Settings Popup Window
There are some additional simulation parameters that you can adjust by clicking on the Settings button from the main planner window. When you click this button, a popup ‘Flexible Retirement Planner Settings’ window will appear.
Spending policy parameters
The first spending policy parameter is the Spending Adjustment Multiplier. Increasing this parameter magnifies the impact of the flexible and conservative spending policies, while decreasing it reduces their impact.
The next two spending policy parameters are the floor and ceiling values for the percent of expenses to fund. With these settings, you can control the upper and lower bounds for the simulation’s percentage of expenses to fund variable. This will constrain how much the simulation will let your actual spending (eg percentage of expenses to fund) deviate from your requested annual spending. For example, setting the floor to 75% will assure that in all simulation runs, the minimum amount of spending that will be funded is 75%. The only reason the funding can drop below this floor is if the portfolio runs out of money.
When this feature is enabled, it dramatically changes the way the planner works. With goal-seek enabled the simulation attempts solve for one of several typical retirement planning variables. There are some caveats that go with using goal-seek. The first is that you shouldn’t enter a probability higher than 99%. This is because goal-seek stops its search once it hits the target probability. Also, depending on other simulation inputs, there could be multiple solutions that give the same probability and goal-seek may not find the best one. Finally, although unlikely it’s possible for goal-seek to terminate without converging on a solution. If this happens, the simulation will return a probability of success that’s different from the target probability that you specified. To correct this situation, try setting a new starting value for either retirement spending or rate of return and run goal-seek again with the new search seed.
These parameters control a capability in the planner to model what would happen if you return to work when a dramatic drop in your portfolio’s value occurs. Some research indicates that returning to work for a few years following extended periods of portfolio under performance can have a big impact on your retirement plan’s chances for success. To activate this capability, click on the checkbox. The Portfolio Value Trigger is a threshold value that controls when the back-to-work scenario is invoked. In any year following retirement, if the portfolio value falls below this percentage of its value at retirement start, withdrawals from the portfolio are suspended for the number of years specified in the Return to work duration setting. Next, there’s a Max age to work setting to limit the age you might have to work until. The results table at the bottom of the main display shows the probability of having to return to work based on this capability.
There are two caveats about how this back-to-work feature works. The first is that only one back-to-work event will occur in each simulation iteration (for the duration you specify) no matter how many times the portfolio dips below the threshold. The second caveat is that if the back-to-work portfolio threshold is crossed in a year when your age + the back-to-work duration is greater than the Max age to work, the back-to-work logic will not be invoked.

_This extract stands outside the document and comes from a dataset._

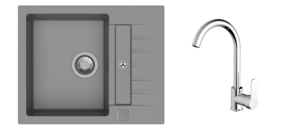 K-StrongSinks S3 mosogató szett Vardar 615 szürke + Seina csaptelep króm

Portfolio withdrawal order and RMD’s
Withdrawals are always attempted from taxable funds first to let tax deferred and tax-free funds can grow unhindered. However, you can select whether the simulation attempts to withdraw from tax-free funds or tax-deferred funds once taxable funds have been depleted.

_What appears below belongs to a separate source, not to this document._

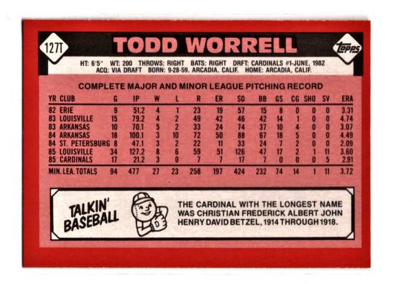 Hello St. Louis Cardinals fans, here for sale is a 1986 Topps Traded Tiffany Todd Worrell Rookie card #127T! A difficult card to find (these Tiffany/Glossy version cards are very rare and hard to find). Please see pictures to verify the condition for yourself (looks as good as can be - very high PSA quality maybe as 9 or 10).

A final option can be configured to cause the simulation to take Required Minimum Distributions (RMDs) from IRAs and other tax-deferred accounts. When this option is selected, the simulation will withdraw the minimum IRS specified withdrawal percent each year after you reach the age of 70 (in the simulation), based on IRS published life expectancy tables. The funds from the withdrawals are used to pay expenses (and taxes) and any remaining funds are transferred to the taxable portfolio, after taxes are deducted.